Teams nationwide encouraged to observe a moment of silence.
INDIANAPOLIS (May 7, 2021) – Approximately 5,000 new cases of amyotrophic lateral sclerosis (ALS) — also known as Lou Gehrig’s disease — are diagnosed in the United States each year. The American Legion will honor New York Yankees great Lou Gehrig through its American Legion Baseball program, in conjunction with Major League Baseball’s creation of an annual tradition of observing Lou Gehrig Day on June 2.
Gehrig was a star first baseman and part of the team’s famed “Murderers’ Row” line-up that also featured Babe Ruth. His long and successful career was still cut short by the disease, which eventually took his life on June 2, 1941, at age 37. MLB’s annual observation of Lou Gehrig Day on June 2 is aimed at raising awareness of ALS and those afflicted with the debilitating disease that affects the nervous system.

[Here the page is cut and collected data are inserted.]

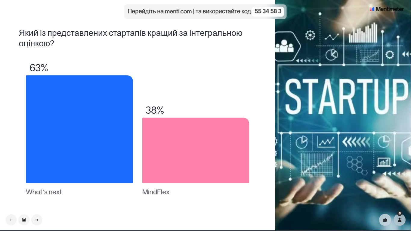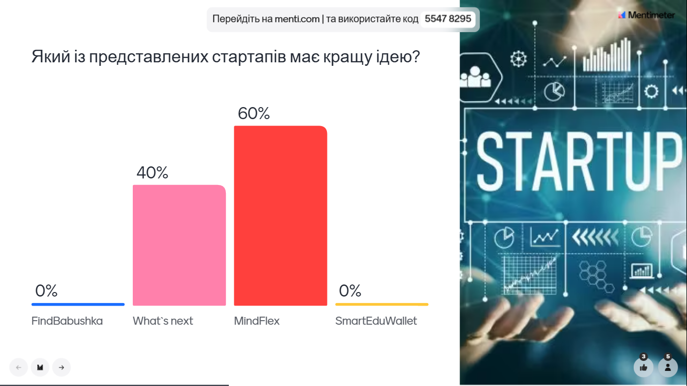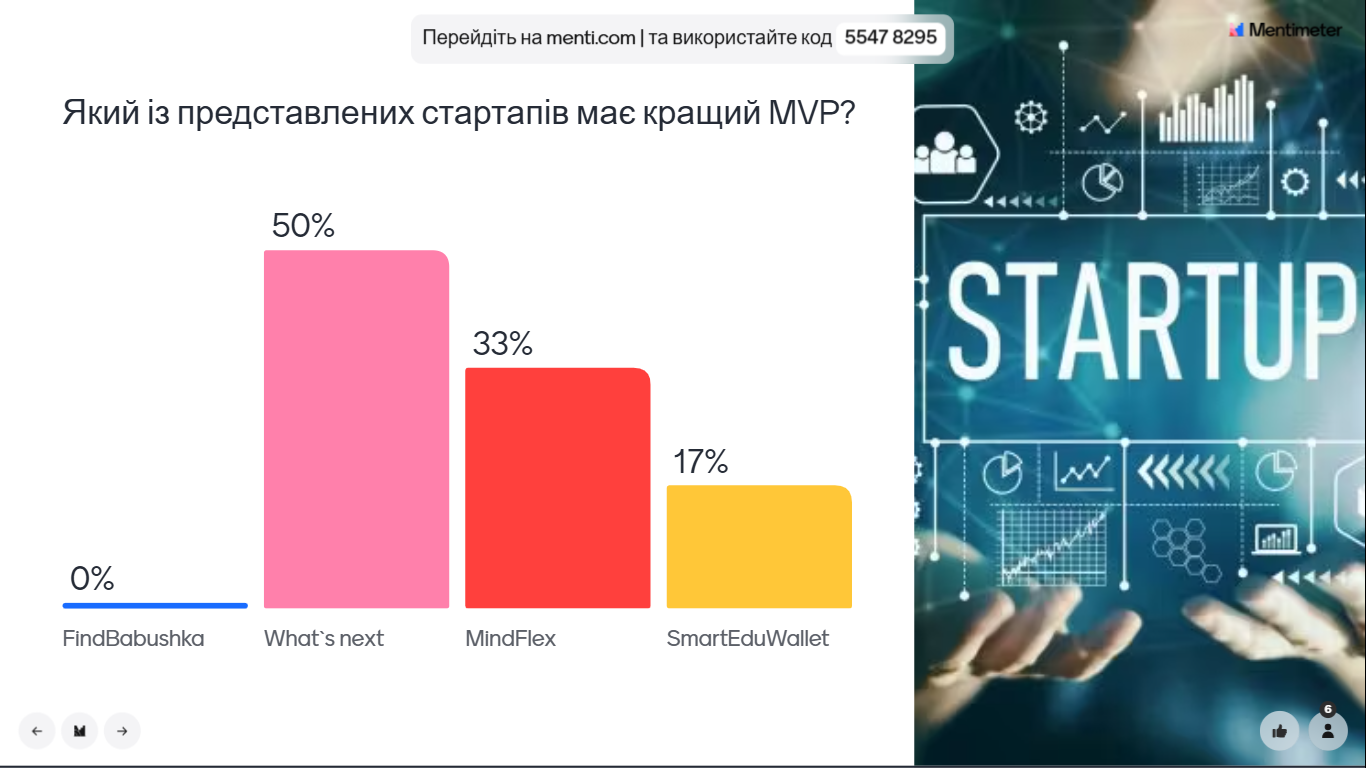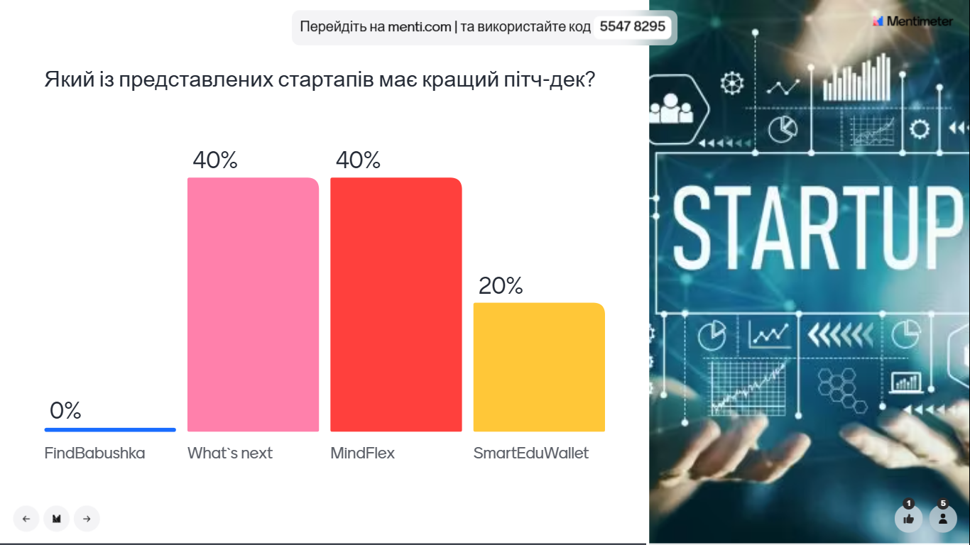 Оцінювання кожного стартап-проєкту здійснювалось сумісно студентами та експертами за допомогою онлайн сервісу для створення та проведення миттєвих опитувань Mentimeter після проведення сесії запитання-відповіді для кожного пітч-деку.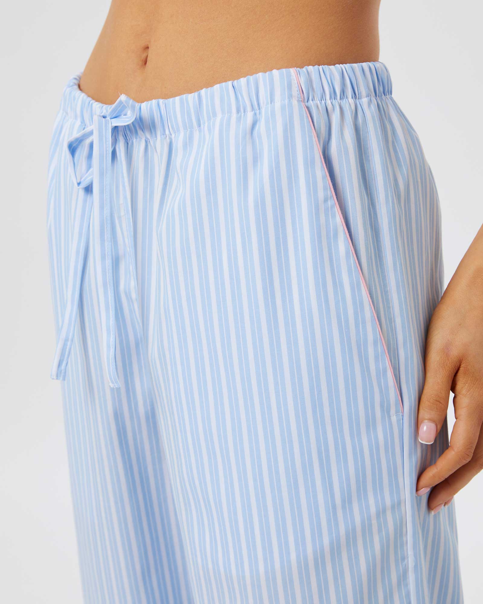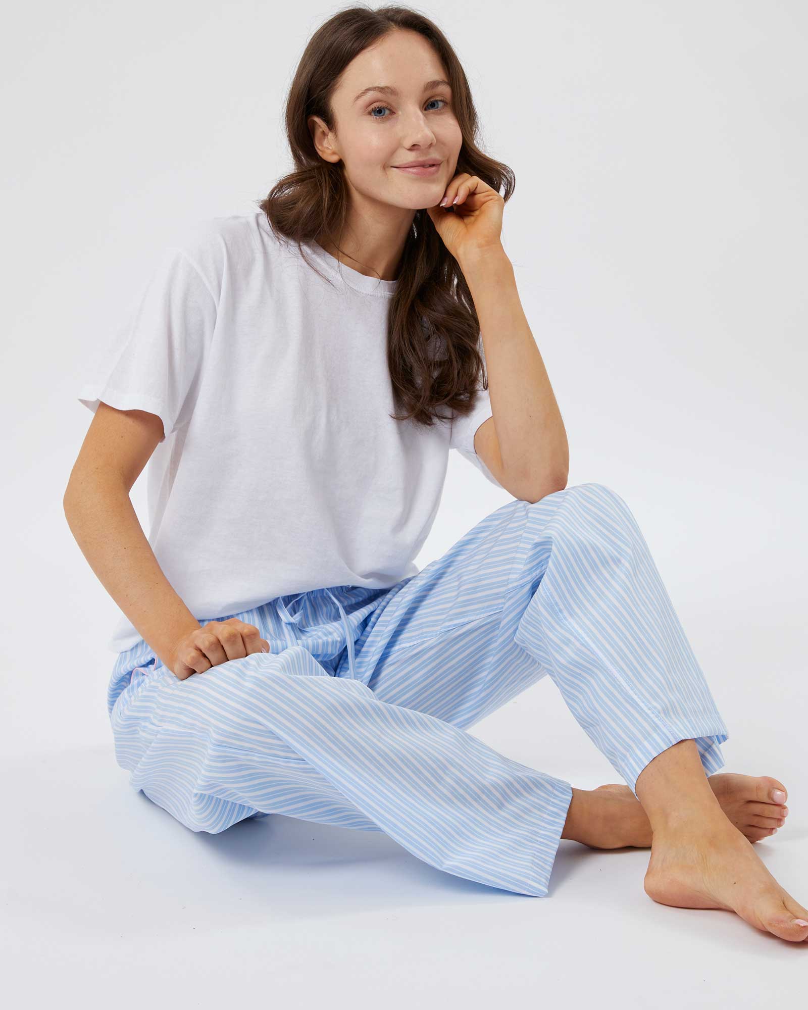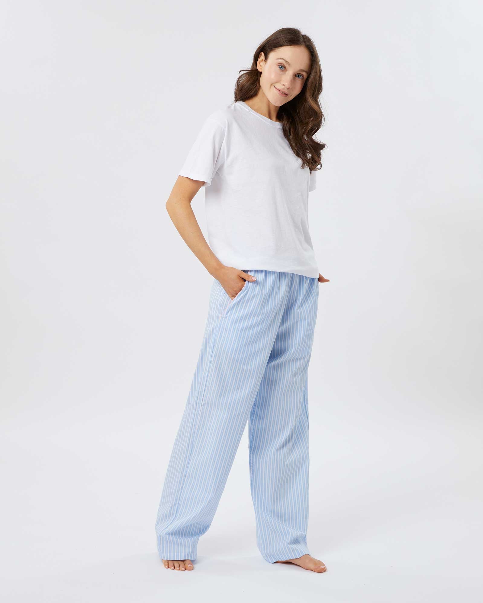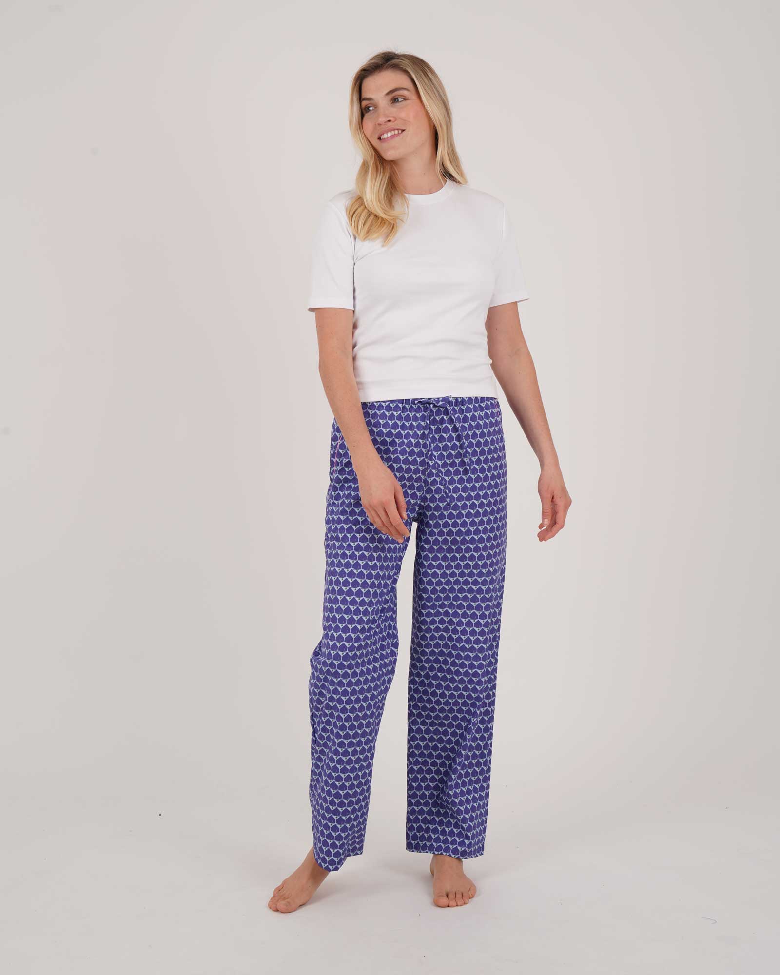 Our women's classic cotton pyjama trousers are the answer to laid back lounging. New this season in our new Nelda Blue Print. Featuring a fully elasticated and tie waist, they are perfect paired with a simple t-shirt.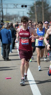MIT Strong Boston Marathon team member Thomas Brand shortly after the 10K checkpoint in Framingham. The MIT Strong team ran the Boston Marathon on Monday in honor of MIT Police Officer Sean A. Collier, who died one year ago.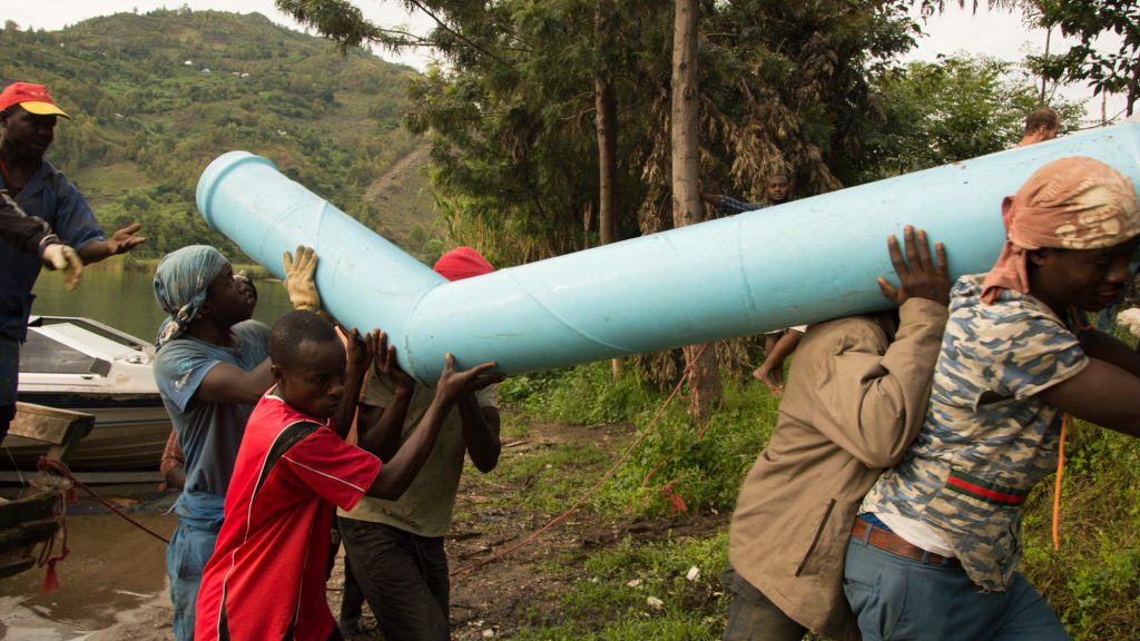 Dienstag 17:00 – Den Tag habe ich in einem Hotelzimmer in Bukavu verbracht. Ich schnappe ein paar Unterhaltungen auf – es muss wohl ein Treffen mit dem Projektpartner ECP gegeben haben. Nun geht es weiter Richtung Fährhafen, mit viel Hupen und wenig Tempo durch den Feierabendverkehr von Bukavu. Im Hafen werde ich wieder mal auf die Schulter gewuchtet und auf eine kleine Fähre getragen. Im Abteil stehen sehr gemütlich aussehende Sofas, auf denen sich die Fahrgäste einrichten. Antoine und Johannes scheinen sich gut mit einem jungen Kongolesen zu verstehen und schon bald werde ich als Kartentisch benutzt. Es wird wohl wieder eine längere Fahrt…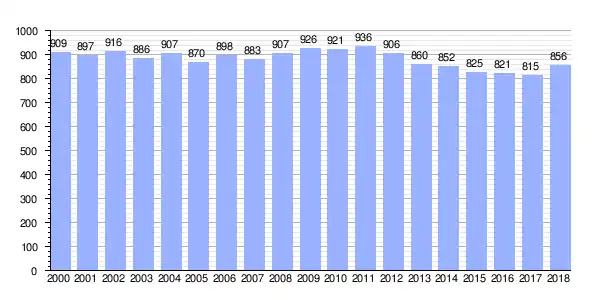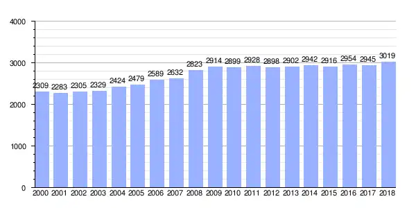 | Gráfica de evolución demográfica de Oleiros (parroquia) entre 2000 y 2018 |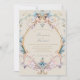 Mande sua vintage com este convite de casamento temático da era da vintage opulente. Apresentando criaturas elegantes em volta dos seus nomes. Creme macio com tons de roxo azul e pinks em uma matiz pastel refletindo o tempo de regência. Vintage e design de casamento elegante.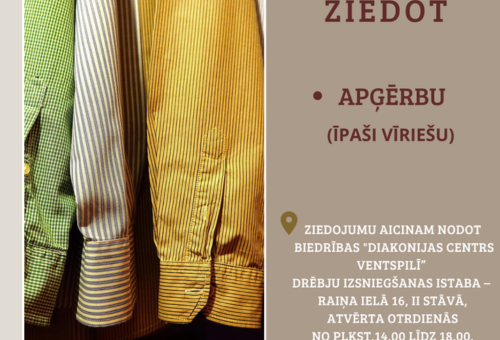 Aicinam ziedot apģērbu (īpaši vīriešu), kas pašiem nav nepieciešams, bet ir labā stāvoklī, tīrs un izmantojams. Ziedojumu aicinam nodot biedrības “Diakonijas centrs Ventspilī Drēbju izsniegšanas…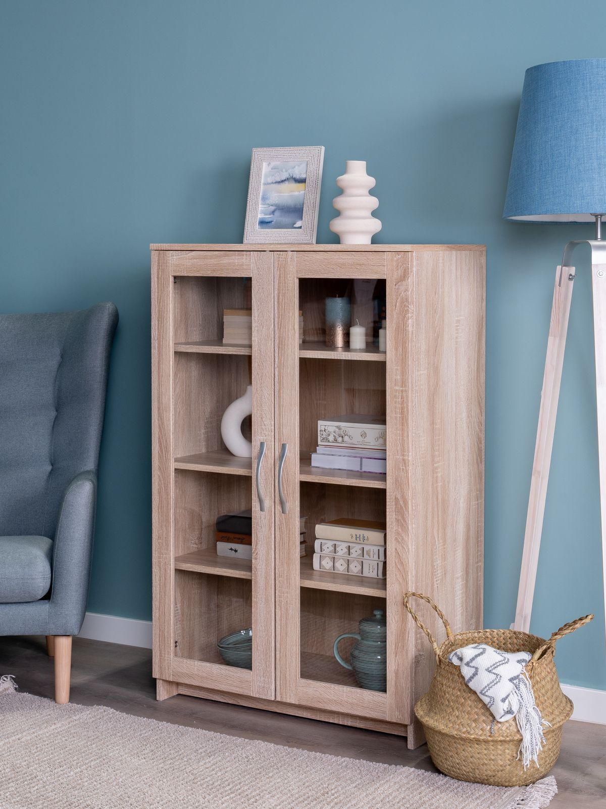 отлично подошёл, приятный цвет, муж легко собрал, меня радует наличие дверок. высокий, но как раз,чтобы поставить принтер или колонки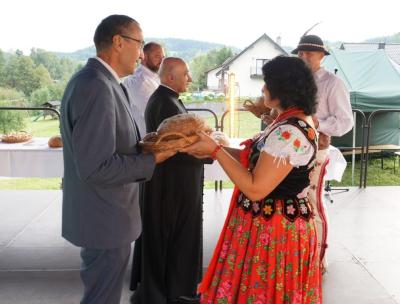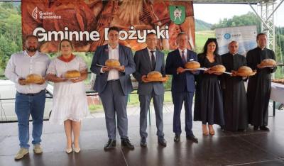 Po oficjalnym otwarciu święta plonów odbył się tradycyjny obrzęd dożynkowy, podczas którego na ręce Wójta Gminy Kamienica, Proboszcza Parafii Zalesie i Dyrektora Gminnego Ośrodka Kultury Sportu i Rekreacji w Kamienicy starostowie dożynek – Bogumiła Duda i Grzegorz Zelek złożyli tradycyjny bochen chleb, a poszczególne sołectwa wręczyły koszyki „z owocami z naszej gminnej ziemi”.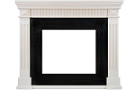 В обрамлении удачно сочетаются тонкие классические колонны, узкая столешница и невысокий пьедестал, за счет чего основным акцентом каминокомплекта становится широкий очаг.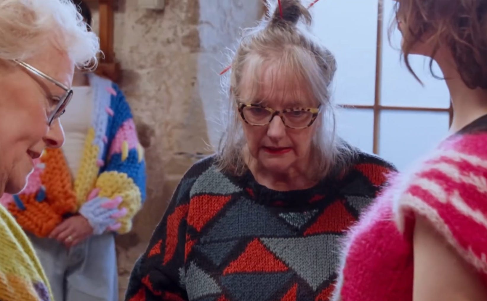 The group challenge required the creation of an 80s jumper using only mohair wool and incorporating the Intarsia color change technique with graphic, inventive designs. They had 10 hours. Crochet was not an element of any of the three designs.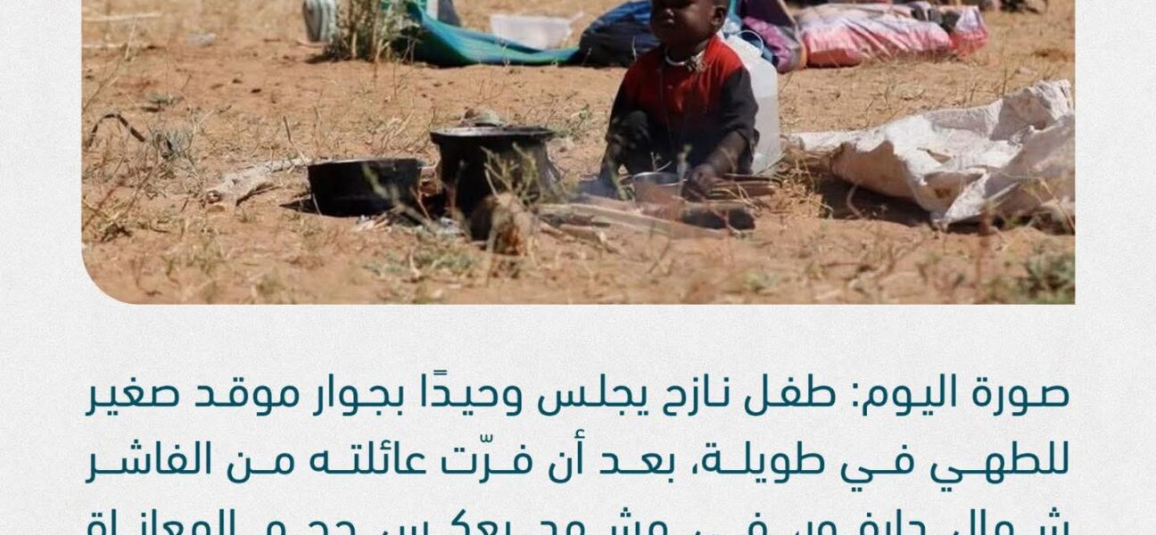 بعد أن فرّت عائلته من الفاشر شمال دارفور، في مشهد يعكس حجم المعاناة والوحدة التي يواجهها الأطفال في مناطق النزاع.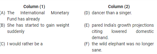 Directions: You are required to match statements from columns 1 and 2 and find which of the following pairs of statement make sense meaningfully and grammatically.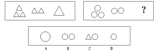 解析:答案為A。第一套圖形是三角形由三個(gè)遞減為一個(gè),第二套圖形是圓形由三個(gè)減為兩個(gè),最后一個(gè)是要填的圖形。很顯然,這兩套圖形排列的共同規(guī)律是圖形每下一個(gè)遞減一個(gè)。所以問號(hào)處應(yīng)填上一個(gè)圓。選項(xiàng)中A和D都是圓,那么究竟該選哪一個(gè)呢?再看第一套圖形,最后一個(gè)三角形明顯比前面的三角形大。所以問號(hào)處也應(yīng)是一個(gè)大圓。實(shí)際上這道題的排列用了兩種規(guī)律,若粗心大意,往往會(huì)認(rèn)為D是正確答案,而漏掉了真正的正確答案A。

American Legion Resolution No. 6, adopted by the American Legion’s National Executive Committee on May 5, 2021, strongly encourages “every American Legion Baseball team to observe a moment of silence before their game(s) each year on June 2 in memory of Major League Baseball’s great Lou Gehrig and all veterans who suffer or have died from ALS.” In 2008, the Department of Veterans Affairs (VA) established ALS as a presumptive military service-connected disease. This allows veterans with ALS to be eligible for service-connected benefits. For reasons as yet unknown, veterans are twice as likely to be diagnosed with ALS than the general population.
About The American Legion
The American Legion is the largest veterans service organization with nearly 2 million members in more than 12,000 posts across the nation. Chartered by Congress in 1919, The American Legion is committed to mentoring youth and sponsoring wholesome community programs, advocating patriotism and honor, promoting a strong national security and continued devotion to servicemembers and veterans.